The Catholic Church in Timor-Leste is part of the worldwide Catholic Church, under the spiritual leadership of the Pope in Rome. In 2015, there were over 1,000,000 Catholics in Timor-Leste, a legacy of its status as a former Portuguese colony. Since its independence from Indonesia, Timor-Leste became only the second predominantly Catholic country in Asia (after the Philippines) - approximately 97.3% of the population is Catholic.

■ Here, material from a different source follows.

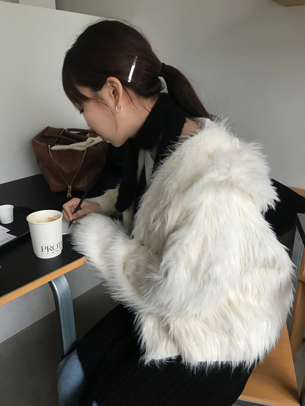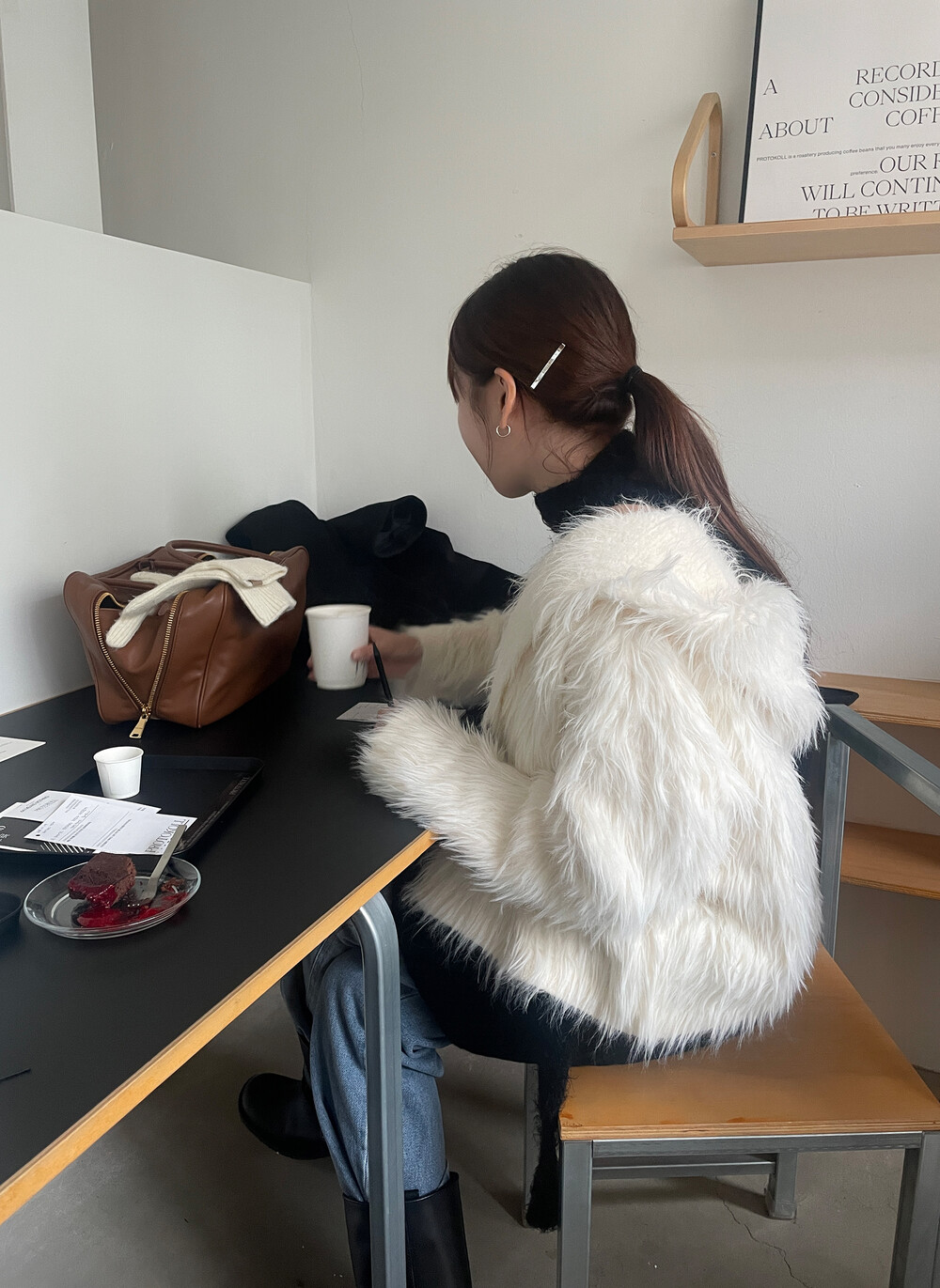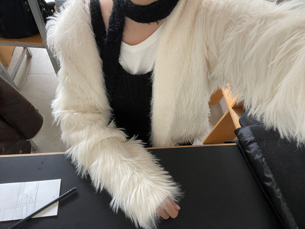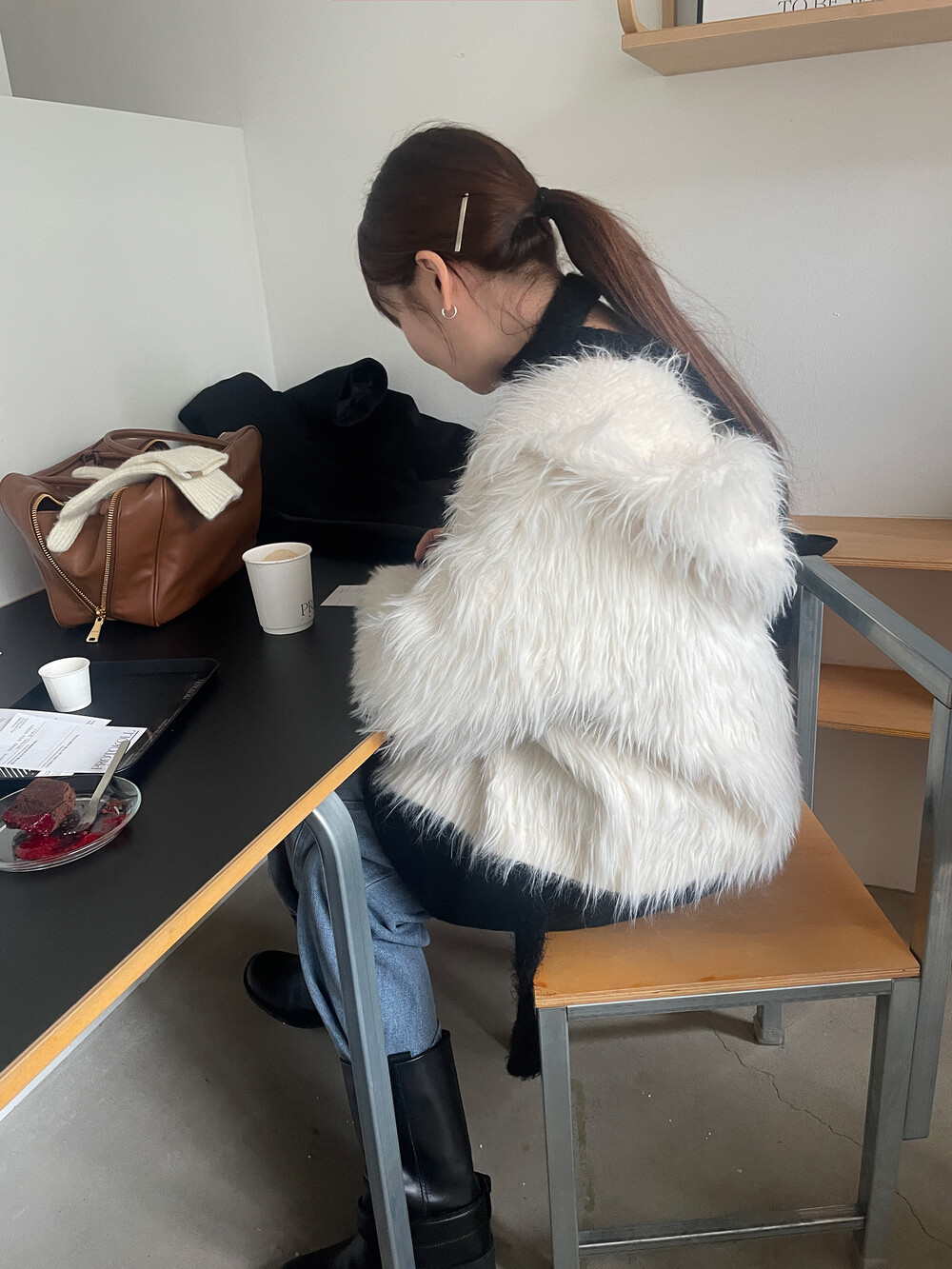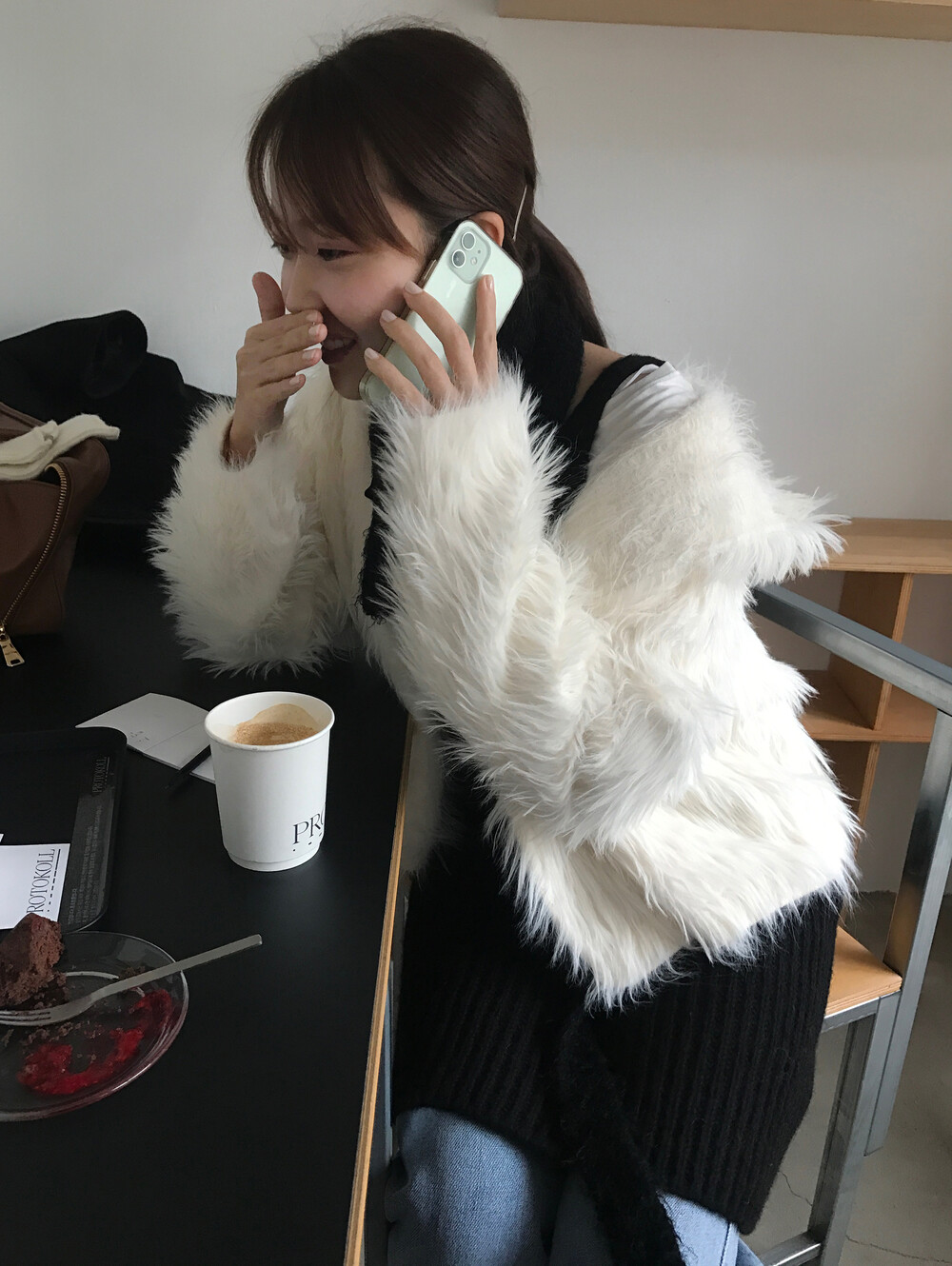 KITTY FUR CARDIGAN JACKET, MILK WHITE

The country is composed of one Archdiocese of Dili, and two dioceses, Maliana and Baucau.

The Apostolic Nuncio is Marco Sprizzi, who took over from Wojciech Załuski in 2022.

====Origin====
In the early 16th century, Portuguese and Dutch traders made contact with Timor-Leste. Missionaries maintained a sporadic contact until 1642 when Portugal took over and maintained control until 1974, with a brief occupation by Japan during World War II.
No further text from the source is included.